ACTION ITEM — Output every line below as it stands, dropping only the images.
+++ EXTRACTED ENTRIES +++
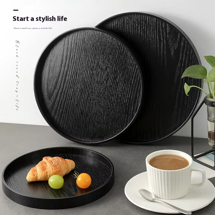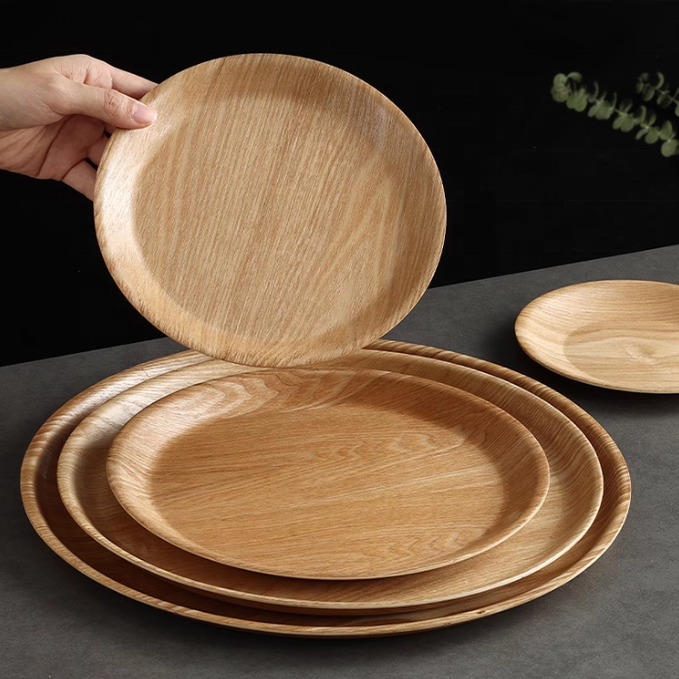 Customized LOGO Kitchen Accessories Solid Wood Tray for Tea Cup Fruit Bread Dim Sum Serving for Party Occasions Food Storage
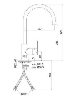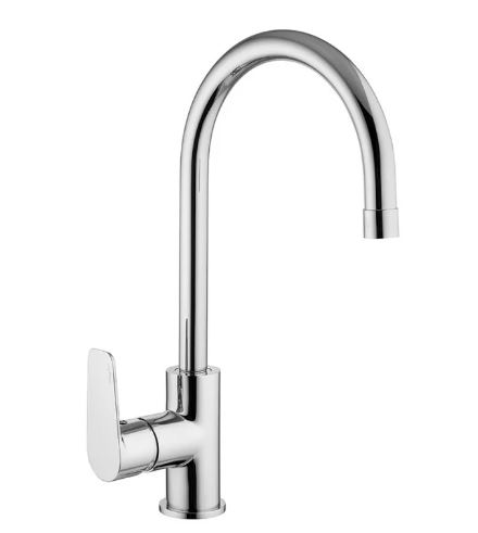 Il miscelatore per lavello è realizzato interamente in ottone cromato lucido per aumentarne la resistenza alla corrosione.
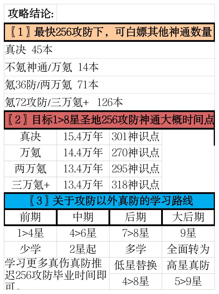关于何时学真防真伤,看开头第一张表格中,神通划分与属性,神识碎片的结余产出都是在后期阶段。在神通的前中期神识碎片依然紧缺,结论中额外可学习神通数量,虽然在总时间线>256攻防内属于最快进度。但至少前中期尽量除攻防外少学其余神通
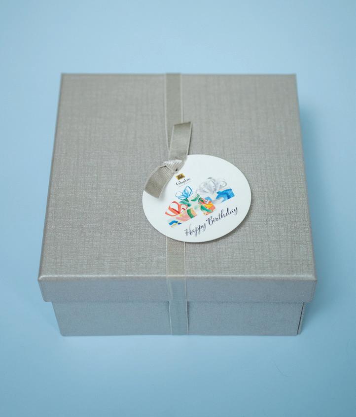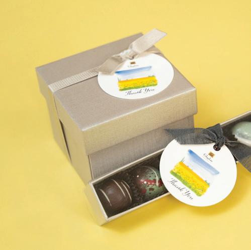 Present your chocolate assortment in one of our sophisticated multi-tiered silver metallic linen boxes enclosed with your custom logo satin ribbon. 8, 16, 18 and 36-Count Gift Boxes
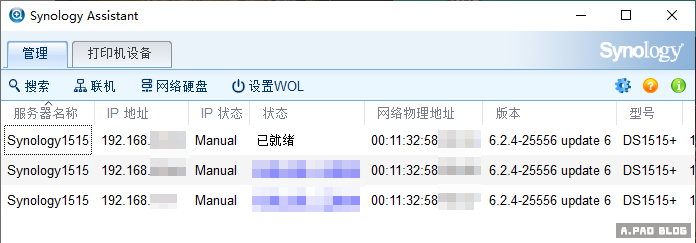 ▼透過虹谷資訊的工程師的巧手幫忙更換了主機板後,拿回辦公室的兩台1515+,同一個位置上硬碟互換後,再修正一下,就完成移動伺服器的轉移了
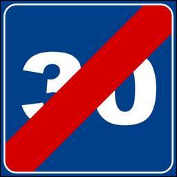Keywords: Italian traffic signs - fine velocità consigliata 30.svg fine velocità consigliata 30 km/h end of suggested speed 30 km/h Own 7/11/2006 F l a n k e r Diagrams of indication signs useful for driving of Italy Advisory speed limit road signs
+++
YOUR RESPONSE —
 Customized LOGO Kitchen Accessories Solid Wood Tray for Tea Cup Fruit Bread Dim Sum Serving for Party Occasions Food Storage
 Il miscelatore per lavello è realizzato interamente in ottone cromato lucido per aumentarne la resistenza alla corrosione.
关于何时学真防真伤,看开头第一张表格中,神通划分与属性,神识碎片的结余产出都是在后期阶段。在神通的前中期神识碎片依然紧缺,结论中额外可学习神通数量,虽然在总时间线>256攻防内属于最快进度。但至少前中期尽量除攻防外少学其余神通
 Present your chocolate assortment in one of our sophisticated multi-tiered silver metallic linen boxes enclosed with your custom logo satin ribbon. 8, 16, 18 and 36-Count Gift Boxes
 ▼透過虹谷資訊的工程師的巧手幫忙更換了主機板後,拿回辦公室的兩台1515+,同一個位置上硬碟互換後,再修正一下,就完成移動伺服器的轉移了
Keywords: Italian traffic signs - fine velocità consigliata 30.svg fine velocità consigliata 30 km/h end of suggested speed 30 km/h Own 7/11/2006 F l a n k e r Diagrams of indication signs useful for driving of Italy Advisory speed limit road signs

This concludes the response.